Boeing is studying setting up a Next Generation 737 production line at its Douglas Products division site in Long Beach, California, although it says that the plan, if it gets the go-ahead, would not take place before 1999.

The study was announced as part of changes designed to ease the production problems still besetting the company's overworked Renton site where 737s and 757s are built.

More immediate moves include flying 10 737s to Long Beach for completion of interiors. Five of the aircraft are Next Generation test aircraft that will be reconverted to customer configuration before flying back to Seattle for painting and delivery. The balance will have interiors completed.
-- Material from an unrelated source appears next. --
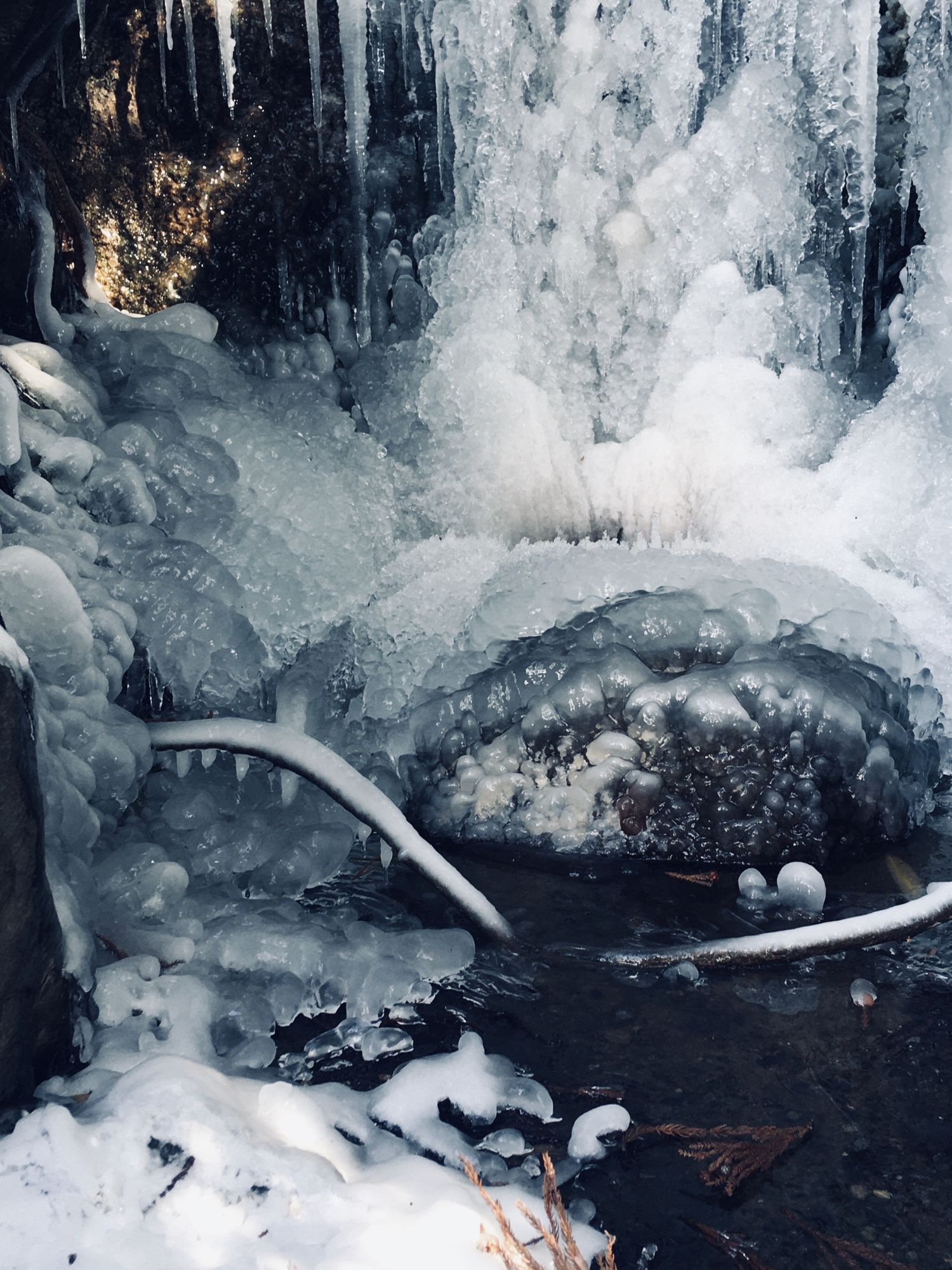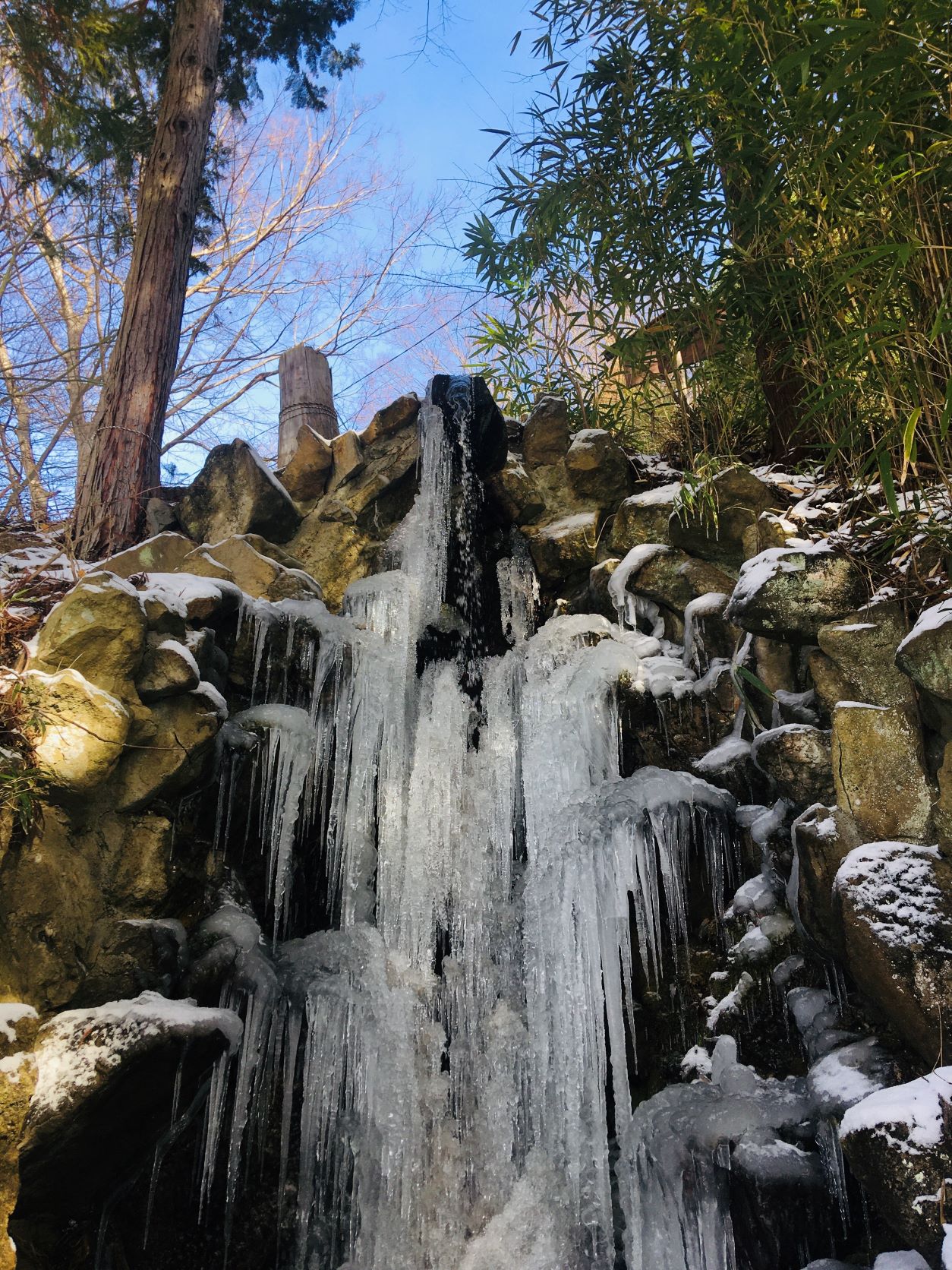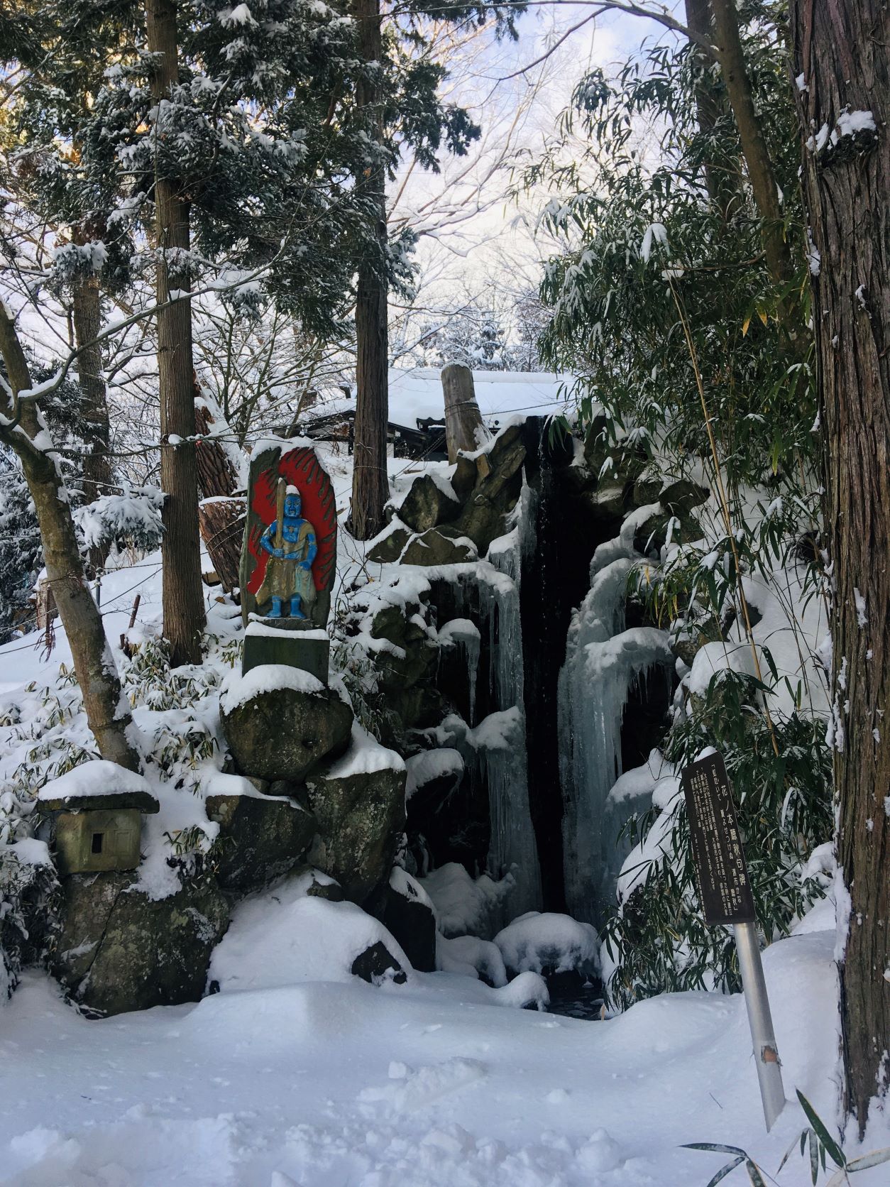 Eisige Kulissen findet man auch fernab des Festivals, wie z.B. an Flüssen, Häusern oder am Fudonotaki-Wasserfall in Asama Onsen.

In addition, Boeing plans to transfer delivery work on some 757s from Renton and Boeing Field to Everett, freeing production crews normally assigned to the larger twin to assist with 737 pre-flight and delivery work. The move comes as 737 production rates are on course to accelerate to 21 a month by the end of this year, from the present 14 a month, and as Boeing Field crews prepare for the start of 757-300 flight testing by the middle of this year.
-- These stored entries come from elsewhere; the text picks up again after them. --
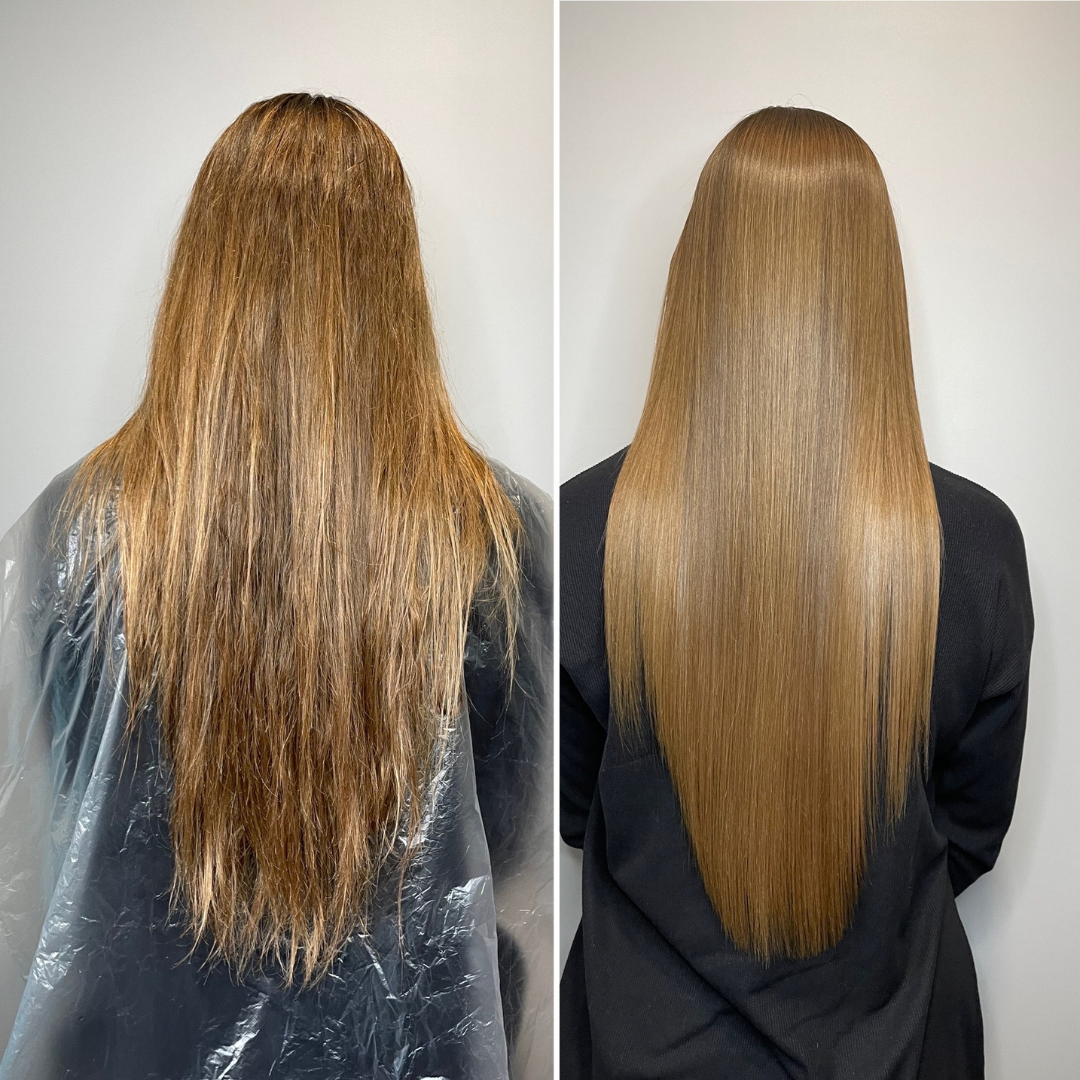 | Keratina – pătrunde în interiorul firului de păr, umple toate zonele deteriorate, conferă integritate părului și previne despicarea vârfurilor. |
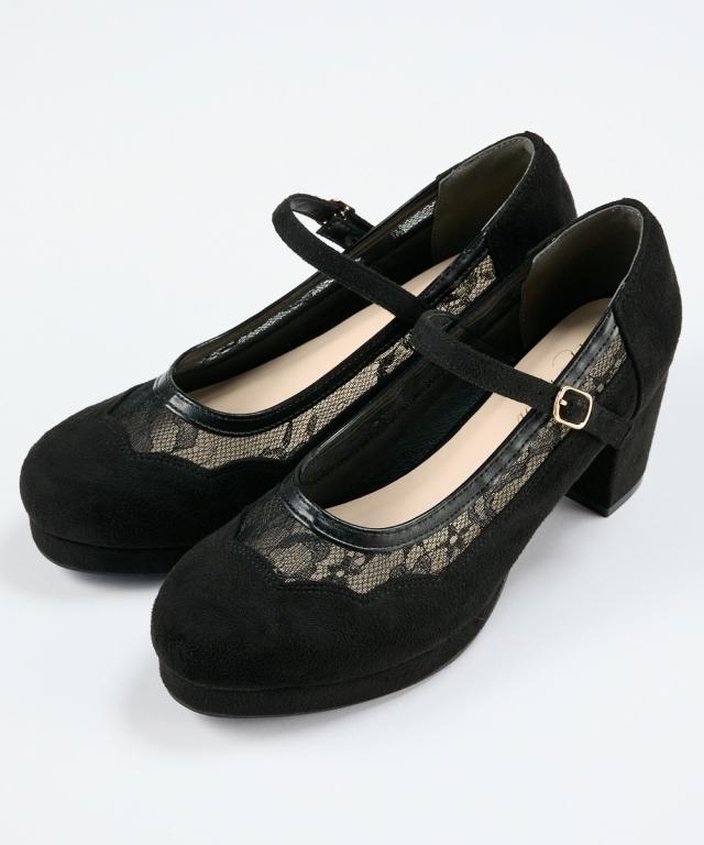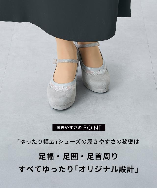 大きいサイズ レディース ゆったり幅広 ストーム付チュール ストラップ パンプス 低反発中敷 ワイズ4E 靴 シューズ 25/25.5cm ニッセン nissen
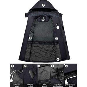 Windproof Winter Coat:1.Adjustable Velcro cuffs and stretchable glove with thumb hole help seal in warmth;2.Detachable storm hood with adjustable drawstring, Velcro, stand collar, and full zipper closure, all the well-designs keep out the wind effectively;3.Wear-resisting soft shell is highly wind resistant and warm.
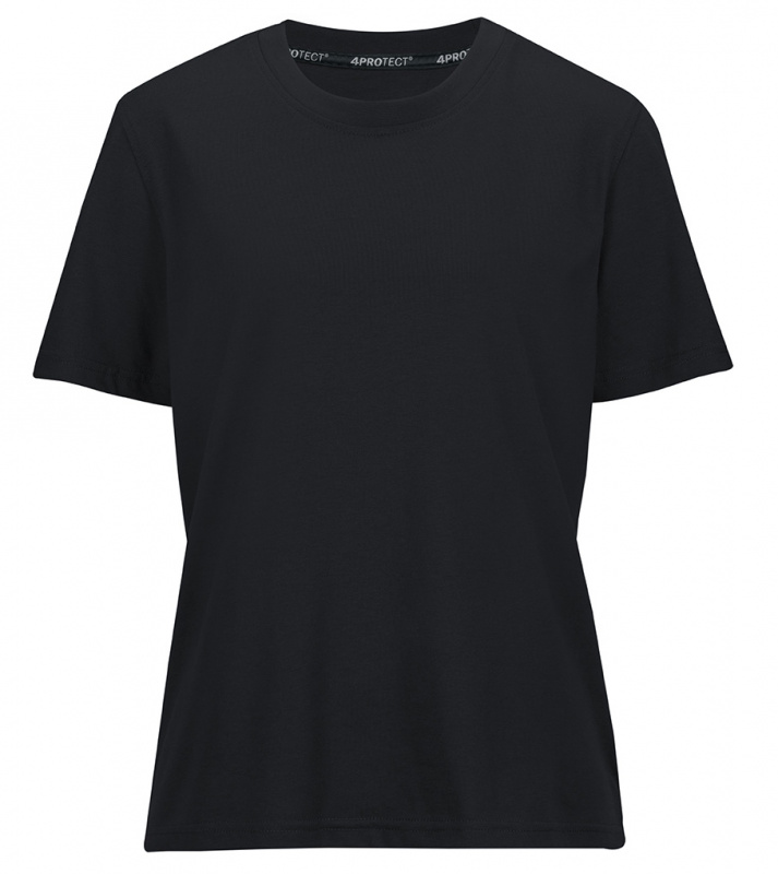 Schwarzes Damen T-Shirt in schwarz von 4PROTECT® Workwear. T-Shirt mit regulärer Passform, Rundhalsausschnitt und Kurzarm. Hergestellt aus Baumwolle gemischt mit Polyester für Form- und Farbstabilität, auch nach vielen Wäschen. Geeignet für die Industriewäsche nach ISO 15797. Mit Leasingkoller zur einfachen Kennzeichnung.
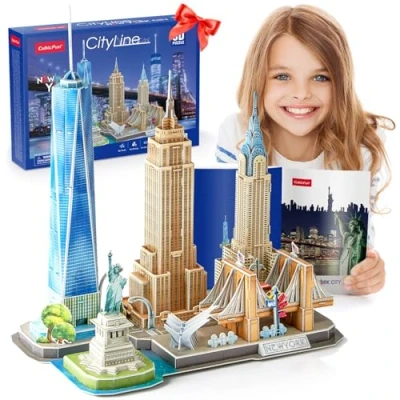 CubicFun 3D Puzzle for Kids New York City Skyline Building Model Kits, US DIY Decoration and Souvenir Gift Adults Kids, Statue of Liberty, Empire State Building, Chrysler 123 Pieces

The decision on the setting up of a new 737 line at Long Beach will be made "this summer", according to aircraft production executive vice-president Fred Mitchell. Much of the decision hinges on the reaction of the machinists' union in Seattle, which, by law, requires up to 90 days notice of the action.

The study foresees the setting up of a line for "on-standard" configuration 737s such as Boeing Business Jets (BBJs) and the convertible freighter 737-700C variant, leaving Renton to concentrate on high volume production of passenger variants. The first BBJ is due for delivery at the end of this year and the first deliveries of the -700C are scheduled for 2000.

Although Boeing says that no decisions on the logistics of the operation have yet been made, it is expected that fuselages for the Long Beach line would continue to be assembled at Wichita, Kansas, and shipped by rail to California.

New assembly jigs will be required for Long Beach, which, by late 1999, will be seeing the final assembly of MD-80s and MD-90s on order. New jigs are expected to be relatively easily produced, thanks to the gradual introduction of digitally based assembly techniques developed for other projects under the recent fuselage assembly integration team initiative.

It is also thought that wings, tails and stabilisers would not be produced separately at Long Beach, but transported to California as subassemblies from Renton.